Your top weave tip: (any insights you want to share if you've successfully retained length with weaves in the past): no idea! I dont wear weaves often so im hoping for good results and to make this a more common thing ie weave/wig every winter 


Starting length: APL in the back, collarbone/APL on the sides, bangs at jaw


----------



## HairPleezeGrow (Oct 7, 2014)

Alright ladies here's my bko results...


----------



## Bun Mistress (Oct 7, 2014)

That looks amazing.


----------



## HairPleezeGrow (Oct 7, 2014)

Bun Mistress said:


> That looks amazing.



Thanks!


----------



## ImanAdero (Oct 7, 2014)

I have a bad habit of playing with my base braids and the thread lol. 
MU feel like I'm only going to make it  o 8 weeks. 

It's still easy, I'll probably co-wash Thursday... But I miss my real hair... Weaves are great! I love it... But right now I've realized I'm counting down the weeks lol. 

(I also want to wear my hair out for homecoming...)

Anywho, 5 weeks down... MAYBE 5 more to go lol. Definitely not 7 more to go lol.


----------



## Bun Mistress (Oct 8, 2014)

Ten weeks down, 18 days to go until take down and my scalp is free!


----------



## bluediamond0829 (Oct 8, 2014)

I got my sew-in done last Wednesday.  I won't be going back to the person that did it. I don't like in house salons and it was a distance.  My sew-in its okay but because they didn't use a net and my hair is soft and I sweat in it from working out I don't think it will last for a full two months. I'm now trying to get it cut shorter because I don't think they knew how to cut.  I really don't like long weaves and long hair if its not my own.(too much work).  I may just do a bob for my next sew-in because it was the easiest for me.


----------



## mzpurp (Oct 8, 2014)

Hey ladies!!

I will be getting my hair done tomorrow evening and I can't wait!!! 

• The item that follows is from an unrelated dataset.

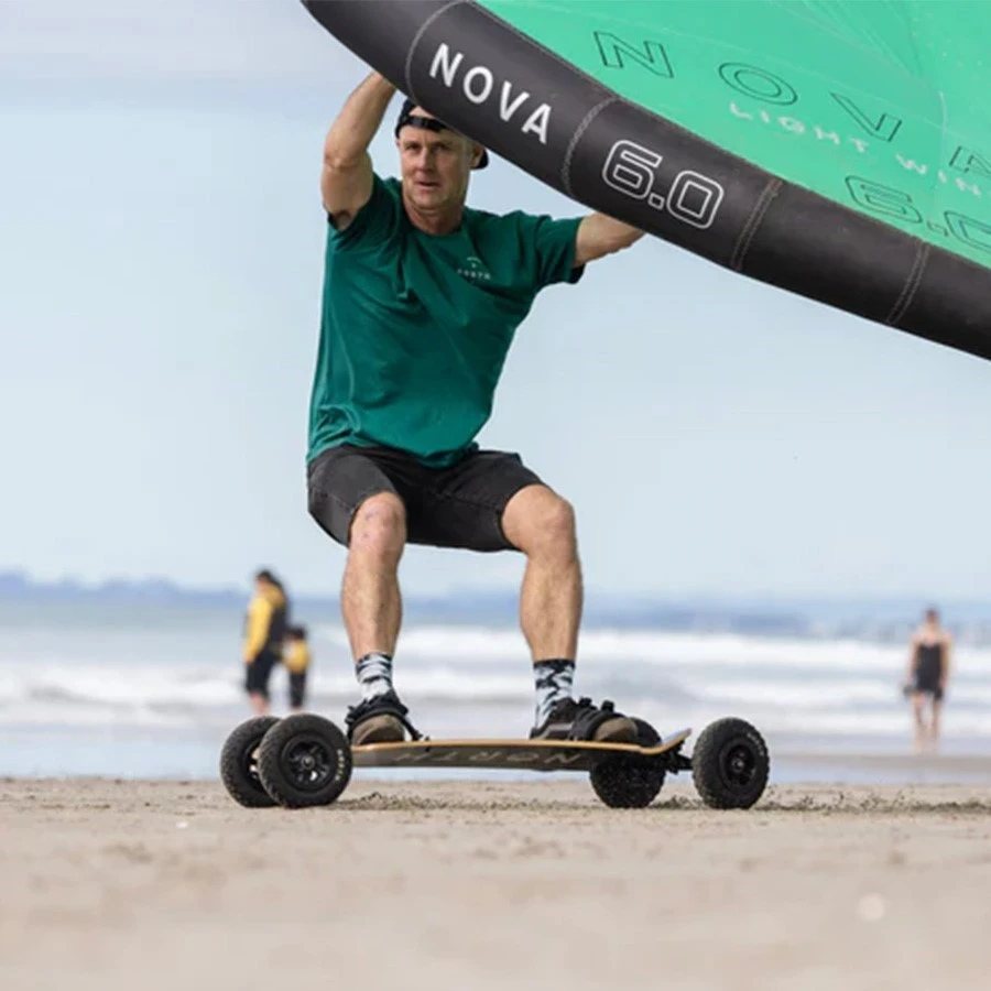 Hone your wing or kite skills without getting your feet wet. The North Dune combines the best elements of skate, snow and all-terrain mountainboarding (ATB) with the versatile windpower of a wing or kite. Ideal for use on sand, dirt, grass or pavement, our new off-road landboard’s long deck, wide trucks and large wheels provide stability on rough terrain. Strong oversized bearings provide excellent side-loadbearing for cruising the flats or mastering airs and tricks. 10.5″ trucks withstand anything you can throw down, giving you stability at high speeds with great carving.

So ready to put this hair away!!


----------



## hairqueenny (Oct 8, 2014)

Hey, I'm checking in! I know it has been a while but we are still going strong and holding up. I have been having problems with my leave out though. My hair is puffing up every chance it gets and not staying straight after being flat ironed. To avoid flat ironing every day, I alternate using flexirods and just putting my hair in a ponytail. Next install will be with a closure!


----------



## intellectualuva (Oct 8, 2014)

Sew-in installed. ONYC relaxed 14 inches. 
I love it. I'll try to post a photo later.


----------



## keranikki (Oct 8, 2014)

bluediamond0829 said:


> I got my sew-in done last Wednesday.  I won't be going back to the person that did it. I don't like in house salons and it was a distance.  My sew-in its okay but because they didn't use a net and my hair is soft and I sweat in it from working out I don't think it will last for a full two months. I'm now trying to get it cut shorter because I don't think they knew how to cut.  I really don't like long weaves and long hair if its not my own.(too much work).  I may just do a bob for my next sew-in because it was the easiest for me.

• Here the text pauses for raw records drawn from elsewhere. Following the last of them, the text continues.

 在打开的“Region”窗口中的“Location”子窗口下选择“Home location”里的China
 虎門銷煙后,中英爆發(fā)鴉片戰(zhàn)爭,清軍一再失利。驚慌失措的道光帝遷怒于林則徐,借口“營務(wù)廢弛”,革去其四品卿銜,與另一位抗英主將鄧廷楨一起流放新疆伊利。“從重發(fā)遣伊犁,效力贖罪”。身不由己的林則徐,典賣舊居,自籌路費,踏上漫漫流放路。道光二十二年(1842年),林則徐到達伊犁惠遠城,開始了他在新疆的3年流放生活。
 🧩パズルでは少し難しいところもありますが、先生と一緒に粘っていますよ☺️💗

My suggestion is to not wash your hair while you have the install and take it out, once it becomes unbearable. I had a horrible experience due to my hair being soft and the beautician not using a net. My hair became tangled under the weave and I had cut out knots. Good luck though!  I hope your experience is better than mine.


----------



## mzpurp (Oct 10, 2014)

mzpurp said:


> Hey ladies!!
> 
> I will be getting my hair done tomorrow evening and I can't wait!!!
> 
> So ready to put this hair away!!



Got my hair done last night! 



I'll come back later to post the deets!


----------



## HairPleezeGrow (Oct 10, 2014)

mzpurp said:


> Got my hair done last night!
> 
> I'll come back later to post the deets!

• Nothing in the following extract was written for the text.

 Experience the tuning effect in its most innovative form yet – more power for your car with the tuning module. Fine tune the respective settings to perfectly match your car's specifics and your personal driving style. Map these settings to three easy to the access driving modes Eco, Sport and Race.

Gorgeous! More pics please and yes deets. I'm really feeling this style.


----------



## loulou82 (Oct 11, 2014)

HairPleezeGrow 

Great BKO. I can't seem to get those right.

I'm 4 weeks in with my install. So far so good but what had happened was I'm too lazy to blow out and flat iron my leave out  so I've been rocking head wraps for 2 weeks. I've cowashed my leave out and moisturized my braids every 2 days though so my hair is doing well.


----------



## ImanAdero (Oct 11, 2014)

Why do I consistently decide to start washing my/this hair late at night? I'm about to start now at 10pm est... Like whet?

Not to mention I'm gonna have to dry it... Lawdt. Why do I do this to myself?


----------



## Rocky91 (Oct 11, 2014)

^^lol you better than me.
I dc'ed mine today, and flatironed. I think it looks good!


----------



## ms.blue (Oct 11, 2014)

Is it too late to join?


----------



## ImanAdero (Oct 11, 2014)

Okay... Sitting under this dryer...

I think 8 weeks will be long enough. So yeah... I know this is a challenge, but I am definitely not in it to win it lol. 

I like having a sew in thread though, so I'm gonna keep posting in here anyway lol.


----------



## ezina (Oct 12, 2014)

ImanAdero said:


> Okay... Sitting under this dryer...
> 
> I think 8 weeks will be long enough. So yeah... I know this is a challenge, but I am definitely not in it to win it lol.
> 
> I like having a sew in thread though, so I'm gonna keep posting in here anyway lol.



I'm going back and forth between taking off my sew-in next week (at the 6 week mark) or next month. I really can't take the monotony of a sew-in! However, the low maintenance is awesome. Ugh. Decisions!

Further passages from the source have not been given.